Wearing a heavy woollen coat and leather gloves, Raul Castro has landed in Moscow for a much-anticipated week-long official visit to Russia.
It’s the first visit to Moscow by a Cuban leader since 1986, when Fidel Castro joined leaders from other communist satellites (hello, Erich Honecker!), to attend a congress of the Soviet Communist Party.
Those old-fashioned, carefully-choreographed extravaganzas were a chance for leaders such as Castro to dress up and pay public homage to the great Soviet state while at the same time begging his paymasters to provide more and more economic subsidies to keep afloat what passed for the Cuban “socialist” economy.
Back then, of course, Soviet imperialism seemed unshakeable – at least from the outside.
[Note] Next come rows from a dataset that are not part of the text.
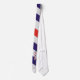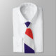Cette cravate est décorée de rayures en diagonale rouge, blanc et bleu, et d'un pôle coiffeur.
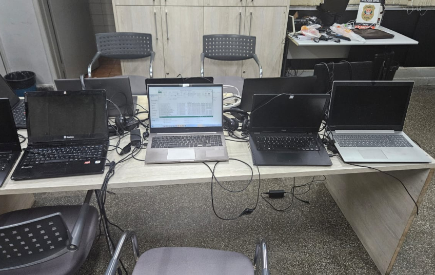 No momento do flagrante, os golpistas estavam em ação, então deixaram os notebooks ligados, o que permitiu a identificação de planilhas com nomes e dados pessoais das vítimas, bem como informações sobre as contas bancárias.
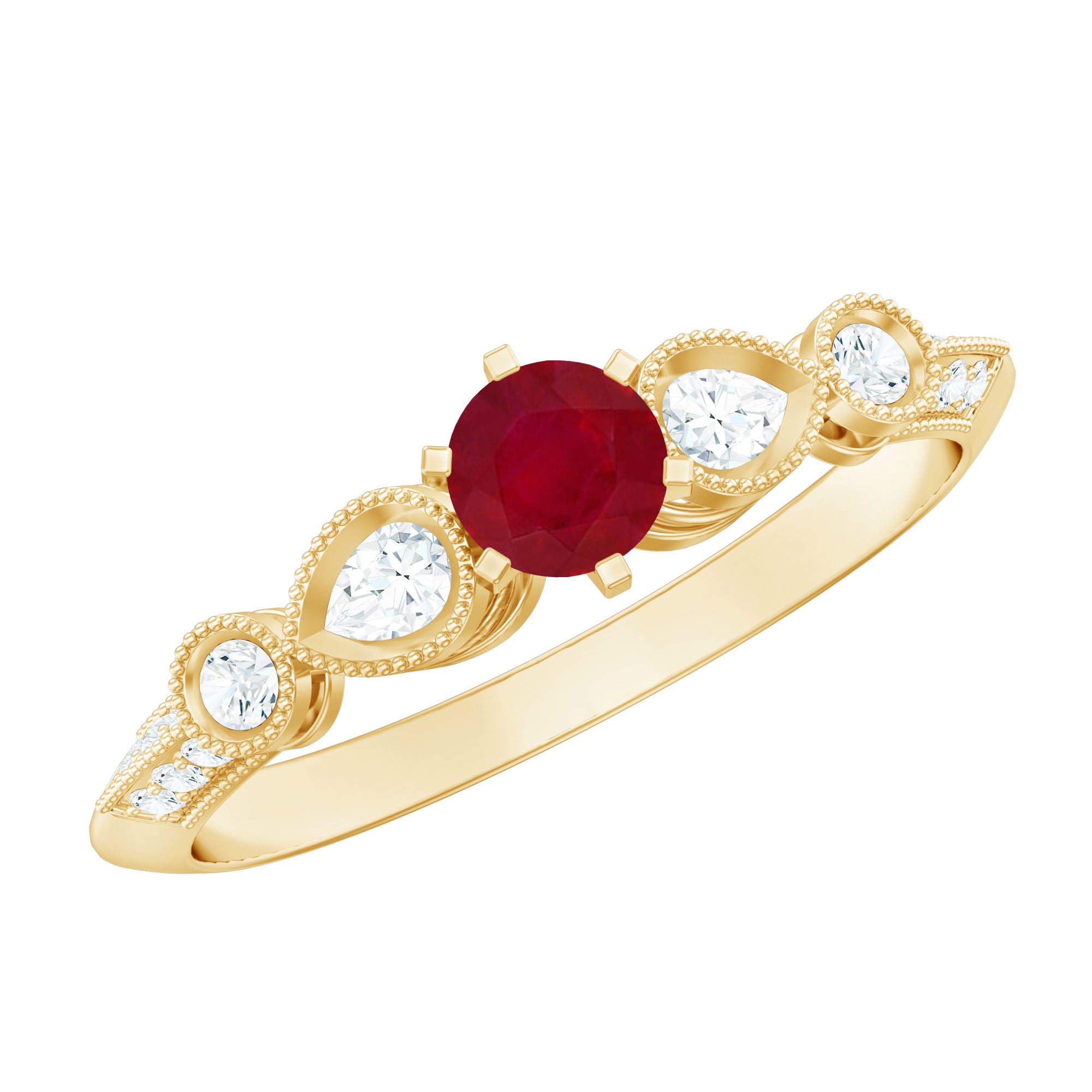 This Classic Ruby Engagement Ring combines charm with sophistication. This ring features an Round Shape Ruby set as solitaire in square prong setting with pear and Round Shape Diamond side stones. Whether it is a promise to the one you love, or a promise to remember a special moment or adventure in your own life, this Ruby and Diamond Engagement Ring is sure to bring a bit of sparkle to your forever style.
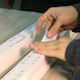 factory worker marking window’s section in FullHD
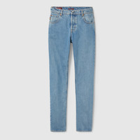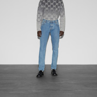 The Web is being reenvisioned as patterns and unique details through complex constructions and stitching techniques that elevate knitwear and more pieces from mere sportswear to iconic masterpieces. These tapered jeans are made from a blue washed denim and feature a Web loop detail as well as a Gucci Rosso Ancora naplak label. - Blue washed denim - Green and red Web loop detail - Gucci Rosso Ancora naplak label - Belt loops - Five pocket construction - Waist: 16.9"; based on a size 32 - Hips: 19.4"; based on a size 32 - Hem width: 6.8"; based on a size 32 - Button and zip closure - Tapered fit - Length: 41.3" based on a size 32 - Leg opening: 7"; based on a size 32 - Made in Italy - The product shown in the image is a size 32 (IT)
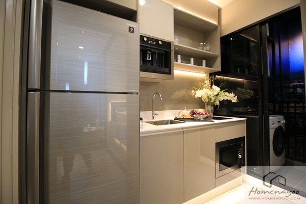 ห้องครัวติดตั้งเคาน์เตอร์ครัวให้ครบชุด มีระเบียงแยกส่วนชัดเจนไว้ด้านนอก

Few experts would have predicted then that the whole, shaky structure would collapse spectacularly just three years later, leading to the demise of communism in Eastern Europe and eventually, the demise of the Soviet Union itself.
So, for the record, here are a couple of figures from the days when Havana was the most demanding of all Soviet client states:
· The Soviets accounted for about 80 percent of Cuba's international trade, with trade increasing at a rate of about 10 per cent a year.
· Moscow was the principal supplier to the Castro brothers of oil, food, machinery, spare parts, chemicals and other vital materials.
· Soviet subsidies – primarily through the supply of low-cost oil and purchase of Cuban sugar at hugely inflated prices – were estimated at about USD 5 billion a year.
This time around, Castro II won’t be paying homage to the old Soviet dream which was never much of a dream, at least not for ordinary Russians. Instead, he will have to cope with the new capitalist realities of Moscow and its new money-hungry rulers.
One thing that hasn’t changed all that much, however, is the nature of the relationship: the slightly younger Castro will still be begging for subsidies (now called “loans”) to keep afloat what passes for the Cuban “socialist” economy.